My favourite things – part one – music

music vinyl layer favourite things

c. Getty Images

(N.B I haven’t really mentioned specific favourite bands here – this is more of a brain dump with some youtube links to incredible music).

Undoubtedly music has always been a huge part of my life. I have been lucky enough to spend a few years working within the business end of the industry, which only spurred on my love further.

I had a fairly ordinary introduction to music, growing up in the UK in the 80s and 90s (with no internet till 1998) meant that pop, brit pop, indie and electronica were all my first ports of call, genre wise. All we had was TV, in the magazines and what your friends talked about.

Whilst I genuinely can’t remember the first record I ever bought (instead, each Sunday I used to record the top 40 off the radio onto cassette tape – I became a master at making sure that the DJ’s voice over was never included – oh the 90’s). The tape rescued me from the dull 40 min bus ride to school.

I lived in a pretty crap northern town, that had no gigs, and when there were gigs, they were all 18+ – there was really no hope to discover new bands beyond NME and MTV2.

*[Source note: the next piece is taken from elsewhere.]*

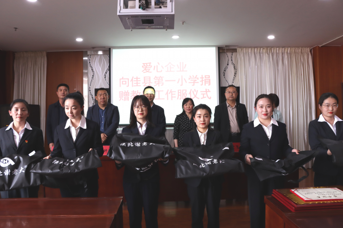 愛心企業(yè)向榆林佳縣第一小學(xué)捐贈(zèng)教師工作服文化藝術(shù)網(wǎng)-文化藝術(shù)報(bào)訊(全媒體記者 李娟娟 通訊員 康亮亮)“我們將一如既往秉持兢兢業(yè)業(yè)、勤勤懇懇的教學(xué)態(tài)度,不辜負(fù)所有學(xué)生和家長(zhǎng)的信任,不辜負(fù)社會(huì)各界的大力支持,為佳縣第一小學(xué)的發(fā)展添磚加瓦……”5月11日,在愛心企業(yè)向榆林佳縣第一小學(xué)教師捐贈(zèng)工作服儀式上,教師代表馬芳發(fā)言時(shí)如是說。 當(dāng)日,榆林市謝老大制衣有限公司、陜西友旭建筑工程有限公司和榆林市洋宇建設(shè)工程有限公司三家愛心企業(yè),聯(lián)合向佳縣第一小學(xué)教師捐贈(zèng)價(jià)值14萬(wàn)余元的112套工作服。佳縣第一小學(xué)向愛心企業(yè)回贈(zèng)牌匾以及榮譽(yù)證書,以示感謝。

Still, I caught up with the rest of the world at university. I was lucky to go to a college that had a music industry course, and nearly all my friends either studied that course or were in bands. I was properly introduced to emo in 2001 – in the laundry room, when my soon to be 2nd year flatmate introduced me to American Football and 90s emo/punk.

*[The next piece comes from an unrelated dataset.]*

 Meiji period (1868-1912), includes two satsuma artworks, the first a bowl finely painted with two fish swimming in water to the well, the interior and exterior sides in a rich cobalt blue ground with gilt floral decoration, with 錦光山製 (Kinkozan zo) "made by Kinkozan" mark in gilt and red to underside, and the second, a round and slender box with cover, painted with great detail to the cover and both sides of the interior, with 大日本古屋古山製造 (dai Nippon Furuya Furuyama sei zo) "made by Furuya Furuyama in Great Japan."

From there it became an obsession (outside of my first love, and major; film studies).

Live music is still one of my most favourite hobbies. There’s no greater feeling than seeing a band you love doing what they love, 5 yards from your face.

Working in music publishing meant that I was able to devour the tracks of modern composers on a daily basis. A requirement of the job, and one I was thoroughly grateful for, it really broadened my horizons.

The recent 90s emo revival means that I’m even more spoiled for choice with heaps of bands from all over the world giving their two cents. It’s brilliant. It’s also crazy seeing so many youngsters getting into the bands I fell in love 14 years ago in that laundry room.

I’ve been through some pretty bad stuff, (I think we all have). There has been times of extreme loneliness, and whilst I don’t suffer from depression, I genuinely believe that music has a huge hand in that. It helped me through some of the toughest things I have ever had to go through.

There’s not many things that last, but I think music, and the memories that it creates will last forever.

TL:DR – I love 90s punk and classical and folk and everything in between.

What genres of music did you grow up with? Do you think something as powerful as music can shape who you are as a person or do you just prefer to listen and then switch off?